We stumble upon a steep, muddy path leading down to the beach, laughing as we clumsily slide and tumble, covering ourselves in dirt. The beach is empty, inviting us to explore and play. Mysterious creatures and strands of Pacific Ocean algae line the shore, perfect for playful antics—tossing them at each other, slipping them down shirts, and surrendering to infectious laughter. Sand clings to our skin, and water drips from our clothes.

We gather, barefoot in the shallows, the waves licking our ancles. Breathless from joy, we fall silent at the horizon, as if in prayer. We watch the sun descend over the metallic ocean and disappear below the horizon like a candle flickering out.
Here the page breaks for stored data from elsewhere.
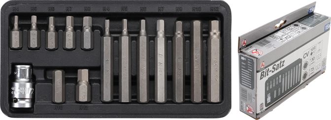 Bits, kurz, 30 mm, Innensechskant 4 - 5 - 6 - 7 - 8 - 10 - 12 mmBits, lang, 75 mm, Innensechskant 4 - 5 - 6 - 7 - 8 - 10 - 12 mmAdapter, Antrieb 12,5 mm (1/2")
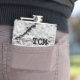 Petaca Monograma sobre madera en blanco y negro
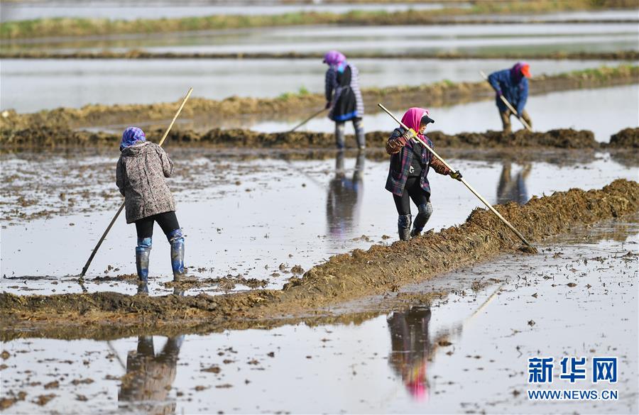 5月17日,在吉林省長春市雙陽區(qū)徐家村,農(nóng)民在水稻田間耕作。新華社記者許暢攝
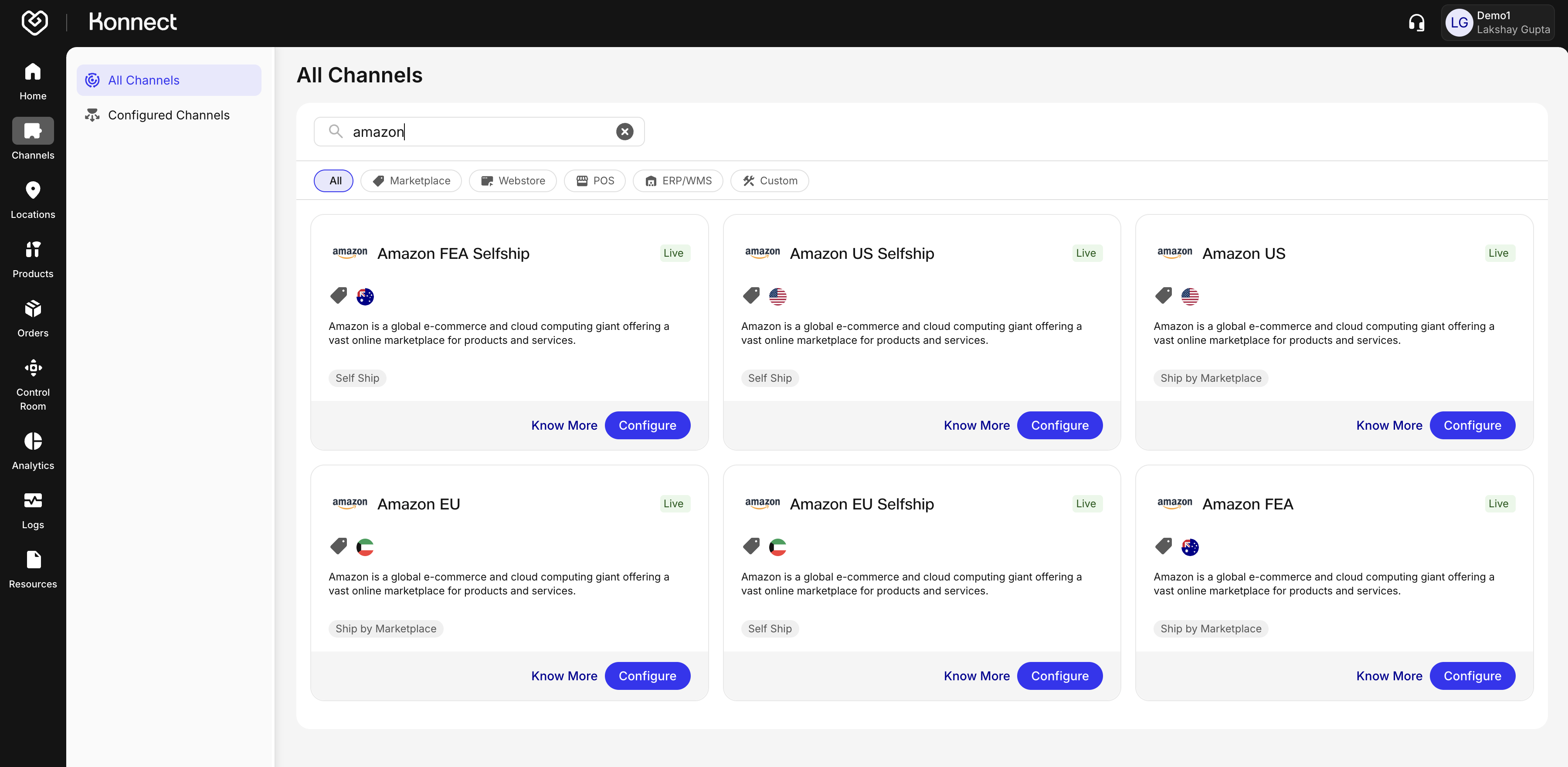 Before configuration on our system, we want to help you understand Amazon flows and regions. When you search for Amazon in the marketplace list, you will see multiple Amazon options. This is because Amazon supports two different fulfillment flows and operates across three major global regions.

In these moments, we’re not just a band; we’re a family bound by shared adventures and relentless laughter and a deep respect for every day that passes.

The end to another glorious day on the road

Salt Lake City, UT – “My Husband’s Scarf” – The Zephyr – August 31, 2000

Salt Lake City turns into a picturesque canvas in the fall. The heat doesn’t hurt the way it does in June. After a long 520-mile trek, my legs refused to cooperate when we finally arrived at The Zephyr. They’d grown accustomed to their 90 degree possition having spent the road trip sleeping, reading, eating nothing but Swedish fish and immersing myself in knitting—a blue scarf for a husband I haven’t met yet.

No, I’m not engaged. And no, there’s no serious relationship in sight. But standing in a yarn shop in Boulder, I stumbled upon this irresistibly soft, variegated blue yarn. It struck me as the perfect material for a scarf I’d want to someday knit for my future husband. Why wait? I thought. Why not start it today? I bought a bushel of the stuff for $10.99 a ball and began my future husband’s gift that afternoon. My plan is simple—knit this scarf exclusively until I meet him. I’m under no illusions that my soulmate is just around the corner; in fact, I suspect this scarf will grow long enough to wrap around several city blocks before we cross paths. But I like the idea I’ll have something to give him when we meet. I like the idea I’ll recognize him by how naturally he complements the yarn and I like the idea he’ll know I was thinking about him long before we met.


As sensation returned to my feet, I cautiously scanned the area before stepping out of the van. A sense of unease clung to me; I couldn’t shake the feeling that Cindy, the lunatic Soucy had picked up during our last stop here, might spring from the shadows at any moment. It’s not paranoia when it’s justified. Two months ago, following our last Zepher show, Cindy had lured us to her place, promising a party and accommodations for the night. However, upon arrival, we discovered there was no party—just a cramped studio apartment with a lone twin bed and an oversized framed poster of James Taylor above it.

To Soucy’s dismay, Cindy had offered us her bed while she took the couch. But once the lights were out, she suddenly launched herself between the two of us, attempting to kiss us both. Escaping Salt Lake City unscathed felt like a narrow victory.

In the dressing room, I ran through vocal exercises, scoping the mirror for any new band stickers among the usual suspects. Then, my gaze caught something unusual—a child-like scribble on the wall that read, “Who is this Chris Soucy and why does he keep blowing my mind?” It was the only graffiti interrupting the sea of band stickers plastered around. When I pointed it out to The Doc—Soucy—he laughingly accused me of writing it as a prank. But I didn’t.

Is it a puzzle wrapped in mystery? or is it Cindy? You decide.